Software Development

Multilayer Perceptron Predictions Exposed

Learning Deep Learning

Currently, I learn Deep Learning fundamentals with the help of Jason Brownlee’s Deep Learning with Python book. It provides good practical coverage of building various types of deep learning networks such CNN, RNN etc. Running each model in the book is accompanied with providing various metrics, for instance, accuracy of the model. But accuracy does not provide a real feeling of the image recognition. To improve upon this I updated one of the code samples that came with the book with my own implementation that ran the model with an image file to perform a classification on it. The detailed steps explaining this follows.

What Will We Do?

This tutorial explains how to build a working simple multilayer perceptron network consisting of one hidden layer. In addition to working model that is trained on handwritten digits of MNIST data-set we’ll see how can an image of a digit taken from this data-set can be classified using this network.

  • Multilayer perceptron network is composed of a network of layers of fully connected artificial neurons. In our case it is built of three layers: input layer, hidden layer and output layer.
  • MNIST database is an abbreviation of the Mixed National Institute of Standards and Technology database for handwritten digits. It has a training set of 60,000 examples, and a test set of 10,000 examples. It is used for supervised learning of artificial neural networks to classify handwritten digits.

How Do We Do It?

To accomplish this task there is a need to fulfill certain prerequisites. A number of steps below were explained in a post on Keras, Theano and TensorFlow (KTT).

Prerequisites

  1. Supported operating systems are
    1. Ubuntu 16.04 64 bit
    2. Windows 10 or 7 64 bit
  2. Python 2 or Python 3 installed with Anaconda 2 or 3 respectively. See KTT for more details.
  3. Works with following deep learning libraries. See KTT for more details.
    1. TensorFlow and Theano
    2. Keras
  4. May be run within Jupyter Notebook.
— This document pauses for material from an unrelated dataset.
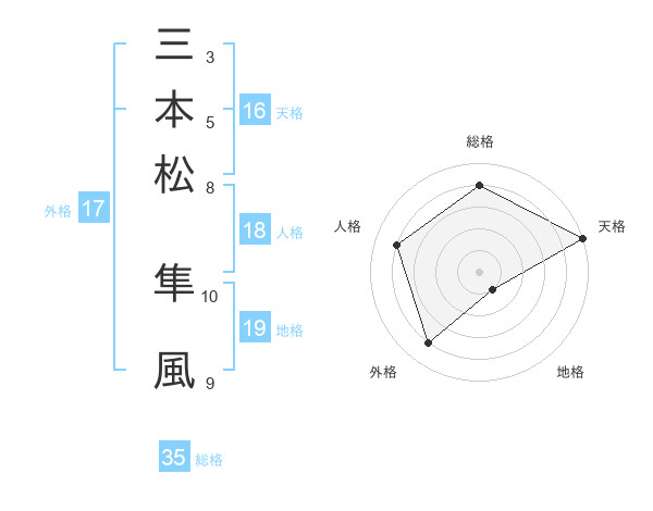 三本松 隼風さんを姓名の画数から五運を鑑定

See installation steps here.

Building a Network

The multilayer perceptron in this particular case is built of three layers.

  • Input layer with 784 inputs that are calculated from 28 x 28 pixel image that is 784 pixels.
  • Hidden middle layer with 784 neurons and rectifier activation function
  • Output layer with 10 outputs that give a probability of prediction by softmax activation function for each digit from ‘0’ to ‘9’.

The overall structure of the network

The Code Overview

The code structured as  follows.

  1. Import proper Python libraries for working with Deep Learning networks.
  2. Fetch image file from a disk in accordance with host Operating System
  3. Load an image to be classified
  4. Load MNIST dataset and preprocess images pixels into arrays
  5. Define helper functions
  6. Prepare multilayer perceptron model and compile it
  7. Check if trained model exists
  8. If not train new model, save it and predict image
  9. Else load current model and predict image

The code

The code below is brought to you in full and can be found in GitHub repository in addition to saved model and Jupyter Notebook that makes it possible to run this code module after module in a really interactive way.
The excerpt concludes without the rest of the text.